# [Recorded data]
--------
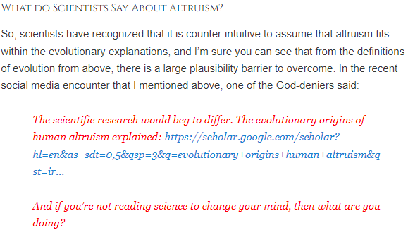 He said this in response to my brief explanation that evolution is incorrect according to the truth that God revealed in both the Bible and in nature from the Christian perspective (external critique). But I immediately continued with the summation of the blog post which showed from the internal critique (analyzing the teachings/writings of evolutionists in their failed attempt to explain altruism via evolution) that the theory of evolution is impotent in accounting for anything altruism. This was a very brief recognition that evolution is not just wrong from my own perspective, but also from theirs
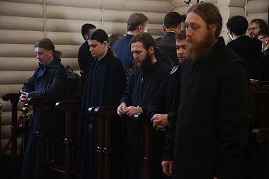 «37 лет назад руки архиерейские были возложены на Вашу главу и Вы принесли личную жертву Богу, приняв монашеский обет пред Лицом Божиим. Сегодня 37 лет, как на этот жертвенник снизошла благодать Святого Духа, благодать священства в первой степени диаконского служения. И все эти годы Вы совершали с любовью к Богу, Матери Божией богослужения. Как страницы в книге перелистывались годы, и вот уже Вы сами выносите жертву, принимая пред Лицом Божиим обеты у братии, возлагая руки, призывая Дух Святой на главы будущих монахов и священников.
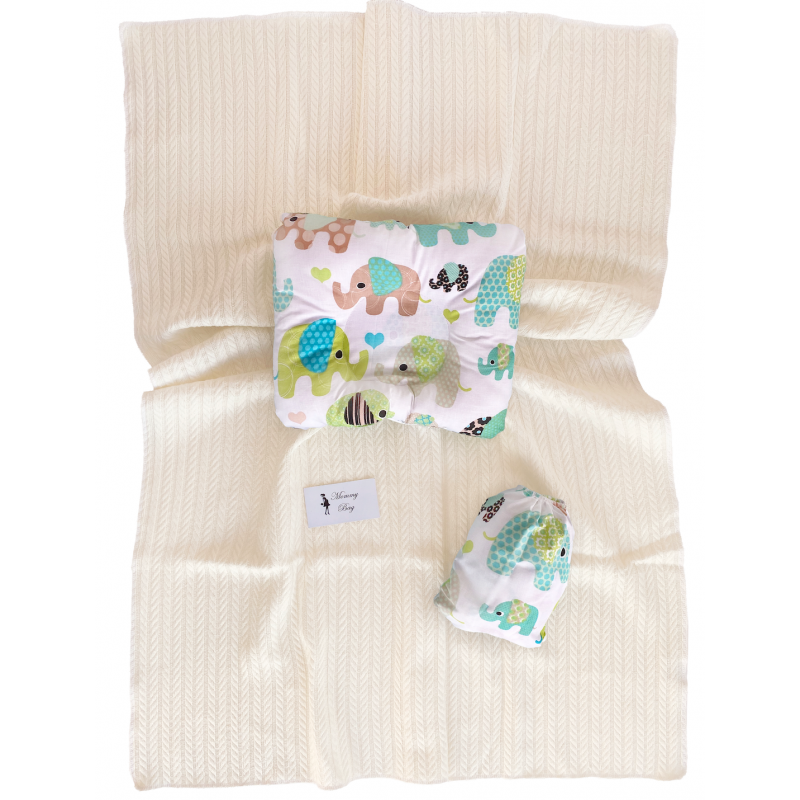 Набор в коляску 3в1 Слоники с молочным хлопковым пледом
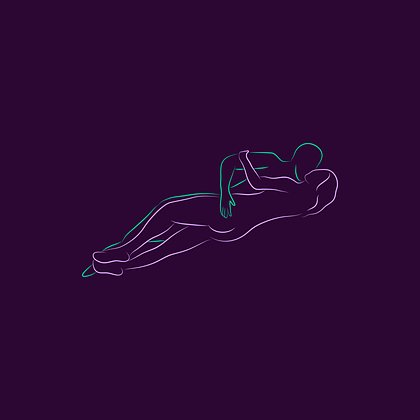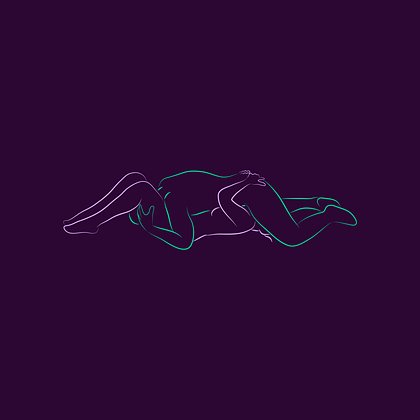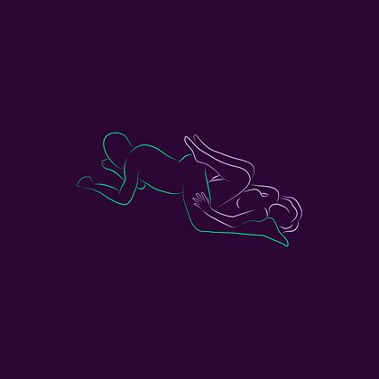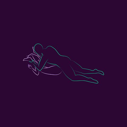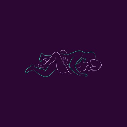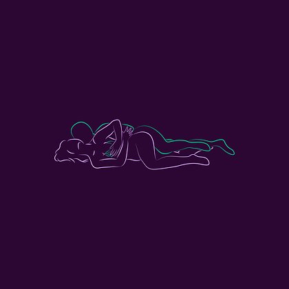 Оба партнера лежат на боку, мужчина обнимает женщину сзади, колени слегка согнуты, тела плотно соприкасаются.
--------
# [Problem]
From the material above, write out exactly the lines from the line with "Набор в коляску" through the closing line, inclusive, and no pictures.

# [Task response]
 Набор в коляску 3в1 Слоники с молочным хлопковым пледом
 Оба партнера лежат на боку, мужчина обнимает женщину сзади, колени слегка согнуты, тела плотно соприкасаются.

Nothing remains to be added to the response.